Меня также гложил разговор с Ваасом, который я откладывала все эти дни, боясь услышать из его уст исповедь Сары. А еще я чувствовала одиночество. Одиночество среди сотни людей вокруг, и ничто не помогало мне избавиться от этого чувства, даже редкие диалоги с Аресом, который так же имел свои обязанности в этом лагере. Потребность в общении я реализовывала в монологах с Адэт — порой тигрица смотрела на меня таким умным взглядом, что я невольно верила в то, что та слушает меня и понимает…
Каково это — просыпаться от того, что твой враг осторожно зарывается пальцами в твои волосы? Берет густую, мягкую прядь в ладонь, затем проводит большим забинтованным пальцем по всей ее длине и приступает к следующей, делая это медленно, словно на автомате… Не соизволив открыть глаза, я лишь провожу по пробору ладонью, из-за чего кончики ловко выскальзывают из грубых мужских пальцев, давая их обладателю понять, что принцесса проснулась. А значит, главарю пиратов пора вновь покидать свою комнату вместе с восходом.

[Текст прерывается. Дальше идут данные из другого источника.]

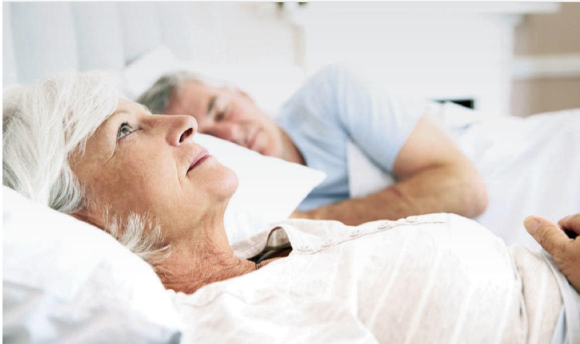
Investigadores hallaron que el insomnio grave puede anticipar la aparición de alzhéimer años antes de los síntomas de memoria.

Esta alteración desencadena un desequilibrio entre señales estimulantes y calmantes en el cerebro, impidiendo la entrada en las fases profundas del sueño. En palabras de Macauley: "El cerebro
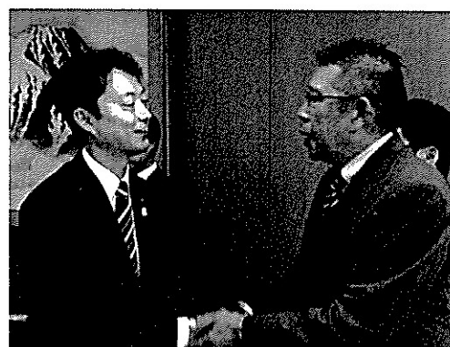
写真右：熊谷俊人千葉市長と街づくりについて語り合う

Удивительно. Я и не могла представить, что оставшись без присутствия Вааса в его лагере, я буду чувствовать такую тоску и опустошенность. Я даже часто вспоминала те редкие моменты, когда мужчина не вел себя как мудак. Нет, это не были воспоминания какой-то влюбленной маленькой девочки. Это всего лишь было тем, чего мне так не хватало в этом страшном месте, при условии, что теперь я знала об этом человеке больше, чем он хотел, чтобы я знала…

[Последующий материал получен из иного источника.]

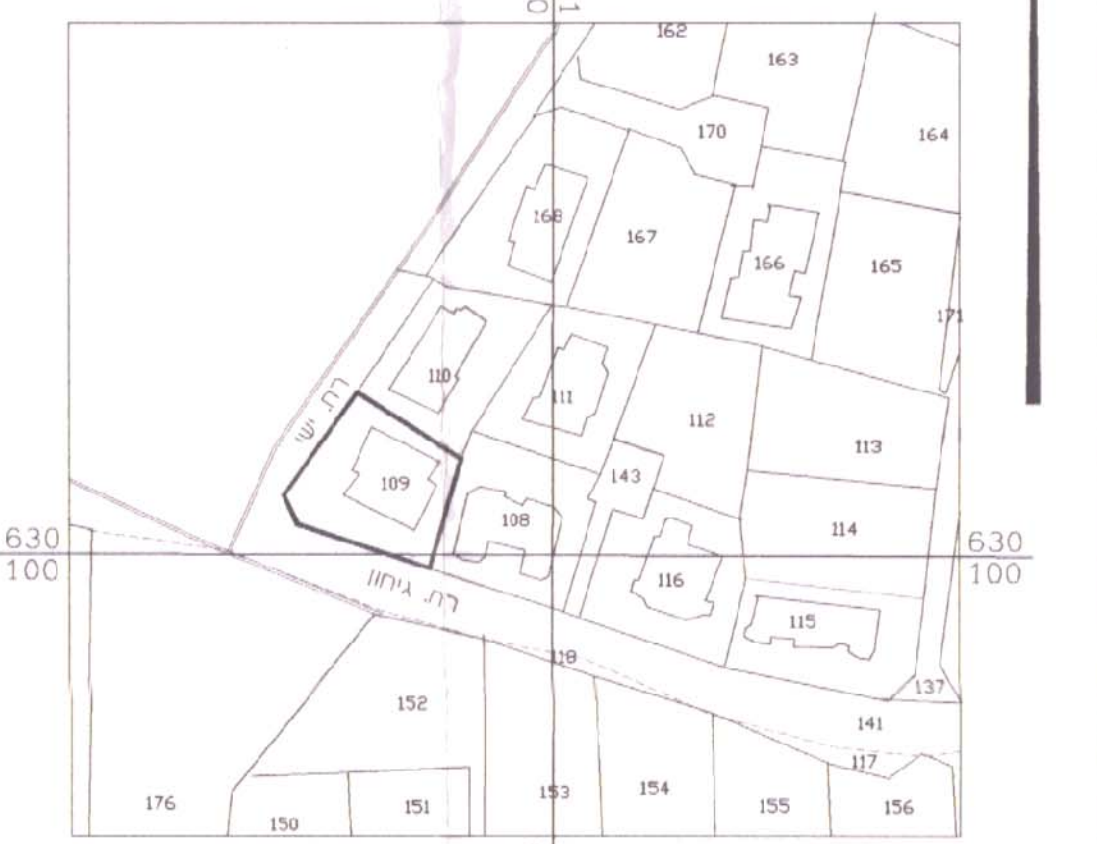
לא לצרכי דישום

А знала я, что слова пирата, которым я так безоговорочно верила все это время, оказались такой же гнусной ложью. И от этого было невыносимо больно…

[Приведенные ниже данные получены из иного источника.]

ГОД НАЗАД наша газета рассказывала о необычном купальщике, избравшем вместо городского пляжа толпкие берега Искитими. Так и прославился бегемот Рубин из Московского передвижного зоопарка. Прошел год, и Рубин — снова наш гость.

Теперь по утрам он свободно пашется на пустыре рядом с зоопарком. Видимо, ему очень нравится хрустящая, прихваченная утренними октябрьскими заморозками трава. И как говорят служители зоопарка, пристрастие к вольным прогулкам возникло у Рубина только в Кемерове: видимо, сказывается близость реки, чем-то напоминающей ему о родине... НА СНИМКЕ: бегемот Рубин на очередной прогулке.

Какого черта мне было так больно?
Наступила ночь третьего дня. Адэт привычно лежала кверху животом возле подоконника, где было не так жарко, хотя ночи здесь ощутимо прохладные. Я же сидела на полу, припав лопатками к бортику кровати, по-турецки поджав ноги к себе. Ждала. Думаю, не стоит объяснять, кого. До этого пират приходил только в глубокую ночь, ближе к рассвету: сквозь сон я чувствовала за спиной, как пират рухает на матрас и тут же вырубается, даже не ворочась. Утром его уже не было, даже место на постели оставалось холодным. Сколько он спал? Пару часов? Впрочем, по нему это было видно: темные круги под глазами, резкие, нервозные движения, херовое настроение и вечные вспышки агрессии на подчиненных…
(window.adrunTag = window.adrunTag || []).push({v: 1, el: 'adrun-4-390', c: 4, b: 390})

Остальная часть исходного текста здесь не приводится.